4 releases
0.3.0 | Jun 3, 2024 |
---|---|
0.2.11 | Jan 26, 2024 |
0.2.10 | Dec 12, 2023 |
0.2.8 |
|
0.0.6 |
|
#134 in HTTP server
95KB
763 lines
Contains (WOFF font, 51KB) fonts/roboto300.woff2
RickView
Easy to deploy low-resource stand-alone RDF knowledge graph browser written in Rust. No SPARQL endpoint needed! See also the unpublished paper draft. Layout copied from LodView.
Current deployments
Feel free to browse around!
- SNIK — Semantic Network of Hospital Information Management
- HITO — Health IT Ontology
- ANNO — Anthropological Notation Ontology
- LinkedSpending
Docker
Try it out with the example knowledge base:
docker run --rm -p 8080:8080 ghcr.io/konradhoeffner/rickview
Docker Compose Example
services:
rickview:
image: ghcr.io/konradhoeffner/rickview
environment:
- RICKVIEW_KB_FILE=https://raw.githubusercontent.com/hitontology/ontology/dist/all.ttl
- RICKVIEW_NAMESPACE=http://hitontology.eu/ontology/
- RICKVIEW_BASE=/ontology
- RICKVIEW_TITLE=HITO
- RICKVIEW_SUBTITLE=Health IT Ontology
- RICKVIEW_EXAMPLES=Study SoftwareProduct ApplicationSystemTypeCatalogue
- RICKVIEW_HOMEPAGE=https://hitontology.eu
- RICKVIEW_ENDPOINT=https://hitontology.eu/sparql
- RICKVIEW_GITHUB=https://github.com/hitontology/ontology
- RICKVIEW_DOC=https://hitontology.github.io/ontology/
ports:
- "127.0.0.1:8080:8080"
restart: unless-stopped
Precompiled Binaries
Download the binary from the latest release and run rickview
.
If you need binaries for a different platform than Linux amd64, let me know.
Compile it yourself
Alternatively, you can compile it for your own platform with cargo install rickview
.
Or you can clone the repository and then cargo build
.
This requires you to install Rust including Cargo.
Configure
Default configuration is stored in data/default.toml
, which you can override with a custom data/config.toml
or environment variables.
Configuration keys are in lower_snake_case, while environment variables are prefixed with RICKVIEW_ and are in SCREAMING_SNAKE_CASE.
For example, namespace = "http://hitontology.eu/ontology/"
in config.toml
is equivalent to RICKVIEW_NAMESPACE=http://hitontology.eu/ontology/
as an environment variable.
You need to provide a knowledge base in RDF Turtle or HDT format, whose default path is data/kb.ttl
.
If you don't, RickView will show a minimal example knowledge base.
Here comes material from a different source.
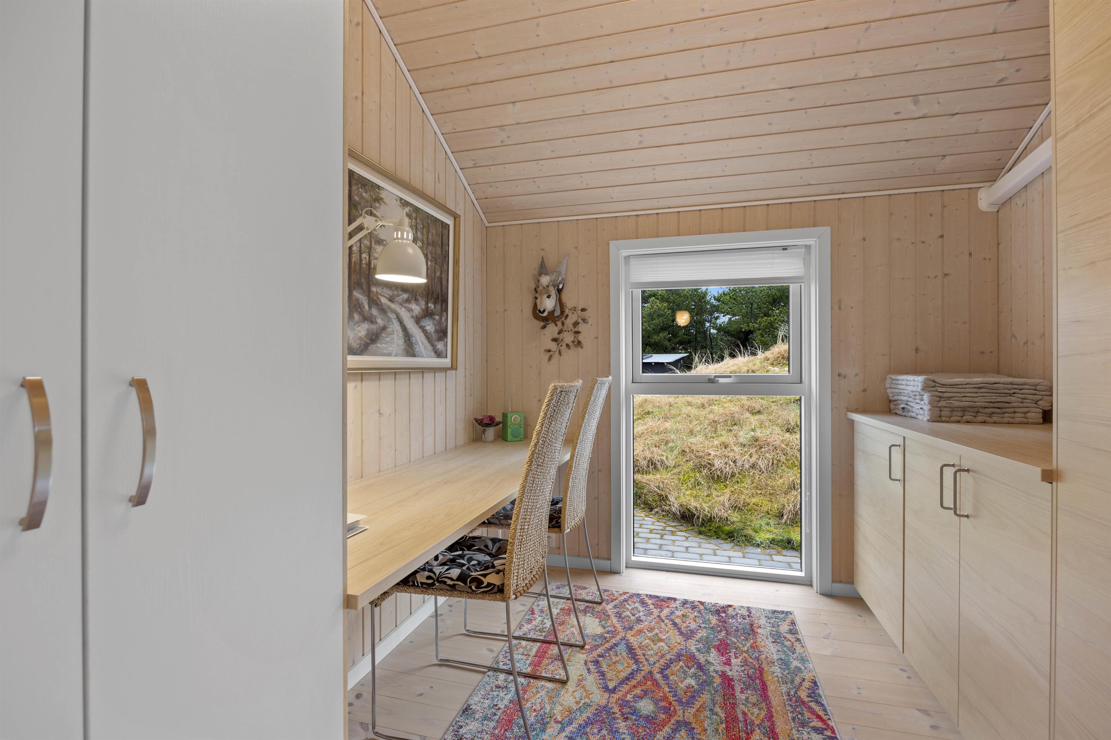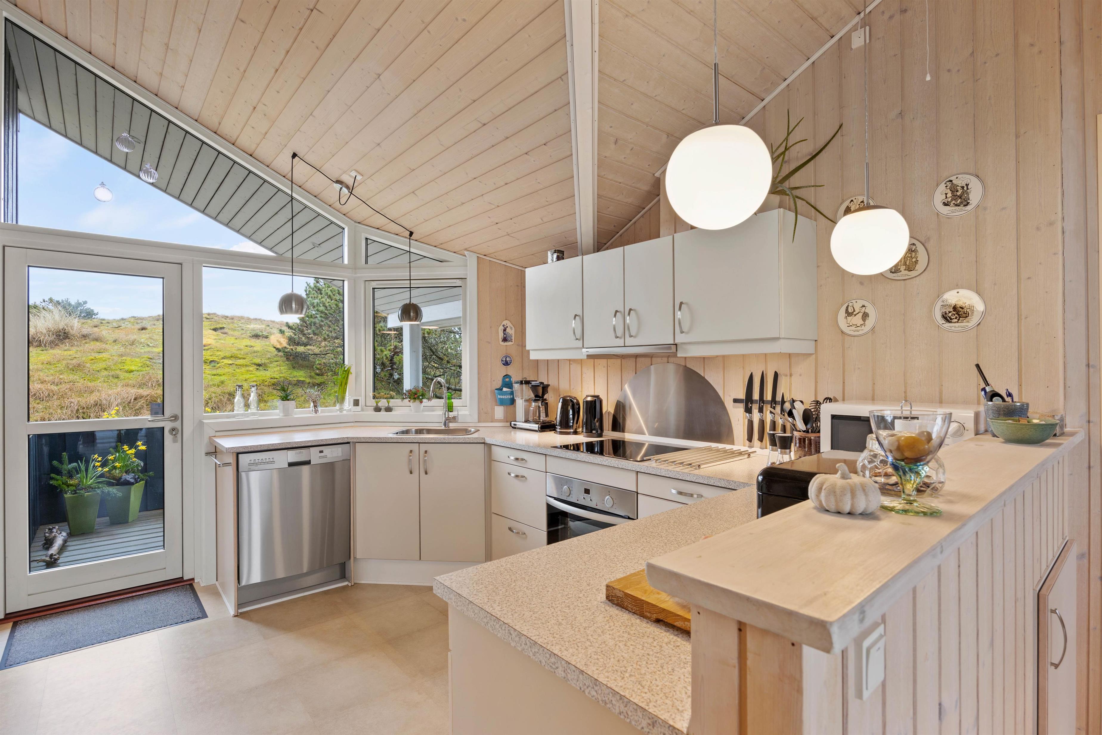 Det åbne opholdsrum med køkken og spiseplads indbyder til samvær, hvor den lyse og lette indretning fuldender ferieatmosfæren. Det veludstyrede køkken med opvaskemaskine og induktionskomfur gør madlavningen til en leg. Måske I kunne starte dagen med duften af friskbrygget kaffe og friskbagte kanelsnegle?

You can add custom HTML to the index page by adding a data/body.html
file.
You can add embedded CSS using the css
environment variable.
By default, the Roboto font is used which RickView hosts locally for robustness, speed and to prevent conflicts with European privacy laws.
If this is not an issue for you and, for example, you want to display Chinese or Japanese characters, you could import a Google Font:
css = "@import url('https://fonts.googleapis.com/css2?family=Noto+Sans+SC:wght@300&display=swap'); body {font-family: 'Noto Sans SC', sans-serif}"
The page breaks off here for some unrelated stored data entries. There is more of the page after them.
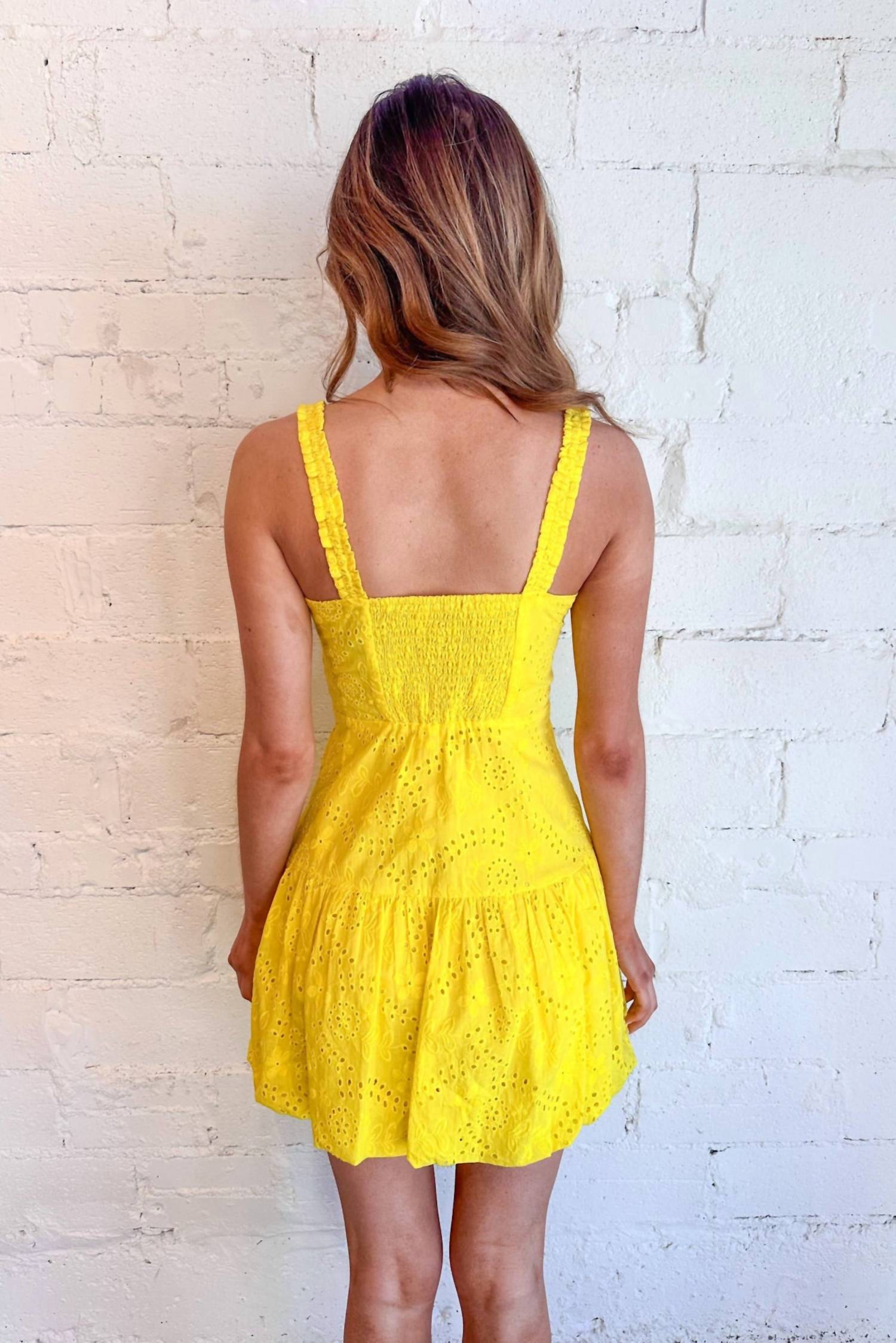 Um vestido curto e arejado para os dias mais quentes. Aposte no vestido Eyeing You Bubble by day + moon em amarelo vibrante, ideal para elevar o seu guarda-roupa de verão. Este minivestido sem mangas apresenta um corte em A diferenciado, com bainha divertida em formato de bolha e um decote coração charmoso. Confeccionado em 100% algodão, garante respirabilidade e conforto, sendo ideal para férias ou eventos diurnos elegantes. As instruções de cuidado recomendam lavar à mão e secar no varal para manter o estilo texturizado.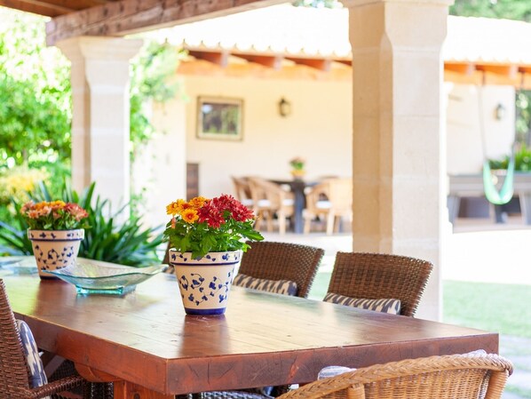 La propriété, située près du golf de Pollença, se distingue par son magnifique jardin et sa situation privilégiée sur la côte nord de Majorque.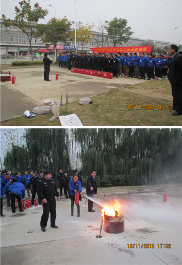 進(jìn)入冬季,氣候干燥少雨,空氣濕度相對較小,是較易發(fā)生火災(zāi)的季節(jié)。六安索伊充分認(rèn)識(shí)到防火和消防工作的重要性和緊迫性,認(rèn)真部署和組織開展冬季消防演練活動(dòng),此舉旨在提升員工消防安全意識(shí)和處置突發(fā)火災(zāi)的應(yīng)對能力。11月16日,天氣陰有小雨,冬季消防大演練并沒有因天氣的原因而取消。下午的消防大演練如期舉行。在公司西門附近的空曠地帶上,“2012年度索伊公司冬季消防演練”的紅底黃字條幅格外醒目,隔離帶已拉好,數(shù)瓶滅火器整齊排練一旁。幾只半截廢棄油桶中堆放滿了干柴,工作人員還通過幾個(gè)塑料壺在往干柴上澆著汽油,為實(shí)際演練做好準(zhǔn)備。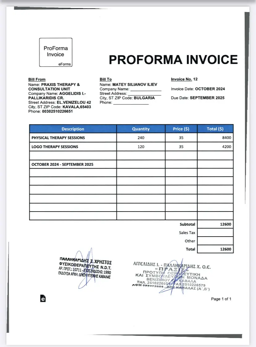 First of all I want to thank you for your overwhelming support🙏 without you we wouldn't have gotten here. We are continuing rehab in Greece -Kavala.Matthew is doing чудесно❤️🙏❤️свикна with the cats and walking with a smile. I am attaching proforma invoices for one year for rehab,speech therapist and hotel.Thank you for being there and not stopping to help us and подкрепяте❤️🙏❤️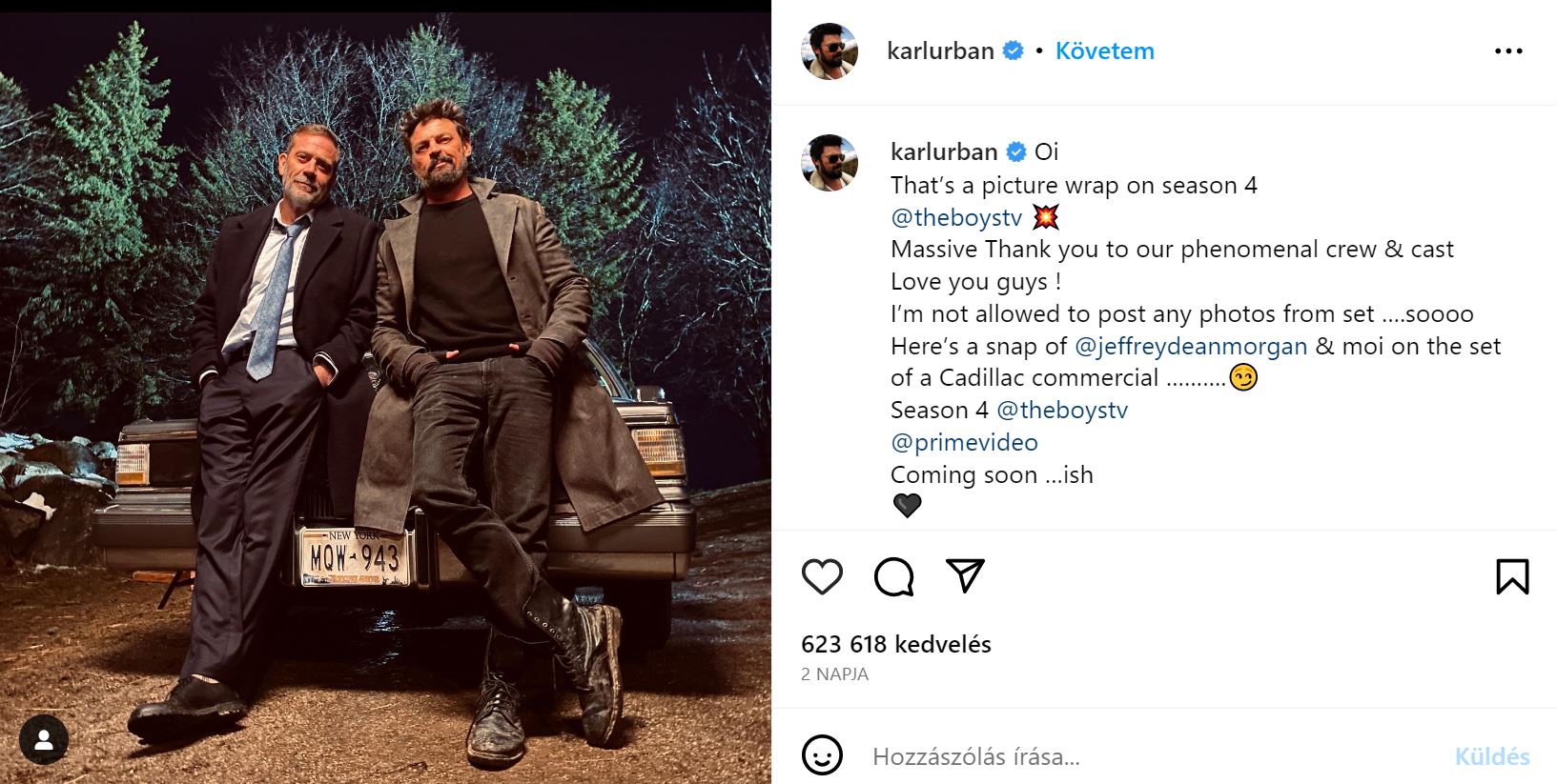 Befejeződött az Amazon Prime minden szempontból minden elképzelést felülmúló sorozatának legutóbbi forgatása, amivel végre dobozba került a jó ideje várt 4. évad. A jól végzett munka örömére a főszereplő Karl Urban és a sztoriba az új évaddal belépő Jeffrey Dean Morgan posztolt közös képet. Utóbbi a The Walking Dead befejeztével ért rá, hogy belevágjon egy új projektbe, de egyelőre nem tisztázott, hogy milyen szerepe lesz a The Boysban – jegyzi meg a GameStar.

Compile and run with cargo run
and then open http://localhost:8080 in your browser.
Supported File Formats
The recognized formats and extensions are Turtle (.ttl
), N-Triples (.nt
), HDT (.hdt
) as created by hdt-cpp and zstd compressed HDT (.hdt.zst
).
Logging
The default log level is "info" for RickView and "error" for libraries.
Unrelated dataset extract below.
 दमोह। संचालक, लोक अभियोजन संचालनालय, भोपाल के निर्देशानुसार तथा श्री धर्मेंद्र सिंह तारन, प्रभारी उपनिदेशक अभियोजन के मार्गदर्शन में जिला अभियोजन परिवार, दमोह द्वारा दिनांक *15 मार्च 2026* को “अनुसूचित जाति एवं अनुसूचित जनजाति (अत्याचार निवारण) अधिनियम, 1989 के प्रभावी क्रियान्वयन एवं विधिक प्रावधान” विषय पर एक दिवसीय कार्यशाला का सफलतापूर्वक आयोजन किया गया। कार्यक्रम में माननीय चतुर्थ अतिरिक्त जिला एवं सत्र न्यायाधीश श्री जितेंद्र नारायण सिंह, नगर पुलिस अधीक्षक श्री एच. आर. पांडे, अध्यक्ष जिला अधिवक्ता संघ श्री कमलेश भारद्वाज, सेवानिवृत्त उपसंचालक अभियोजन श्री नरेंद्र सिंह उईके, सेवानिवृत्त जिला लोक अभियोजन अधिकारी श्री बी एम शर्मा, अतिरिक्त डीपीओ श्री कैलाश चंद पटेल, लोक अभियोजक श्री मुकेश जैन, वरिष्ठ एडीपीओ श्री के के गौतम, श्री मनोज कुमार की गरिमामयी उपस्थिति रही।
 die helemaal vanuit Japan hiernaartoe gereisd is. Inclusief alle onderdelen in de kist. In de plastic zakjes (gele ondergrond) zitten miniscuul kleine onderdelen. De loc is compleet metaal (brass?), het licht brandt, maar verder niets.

Change the log level of RickView with the log_level
configuration key or the RICKVIEW_LOG_LEVEL
environment variable.
Override this setting using the RUST_LOG
env var to configure the log levels of dependencies, see the env_logger documentation, for example:
RUST_LOG=rickview=debug cargo run
Motivation
Existing RDF browsers like LodView look great but use too much hardware ressources as they are based on interpreted or garbage collected languages. This leads to long wait times and out of memory errors on typical small scale research VMs with dozens of docker containers for longtime archival of finished research projects, whose results should still be available to enable reproducible science.
Goals
Implement a basic RDF browser similar to LodView in Rust with the following properties:
- speed
- low resource utilization
- good design
- option to generate static HTML
Stats
All values are rounded and were measured on an old RickView version on an Intel i9-12900k (16 cores, 24 threads) with 32 GB of DDR5-5200 RAM and a Samsung SSD 980 Pro 1 TB on Arch Linux, standard kernel 5.18. The qbench2 test URI is http://www.linkedspending.aksw.org/instance/618ac3ec98384f44a9ef142356ce476d. Stats for HDT, which uses much less RAM, are not measured yet.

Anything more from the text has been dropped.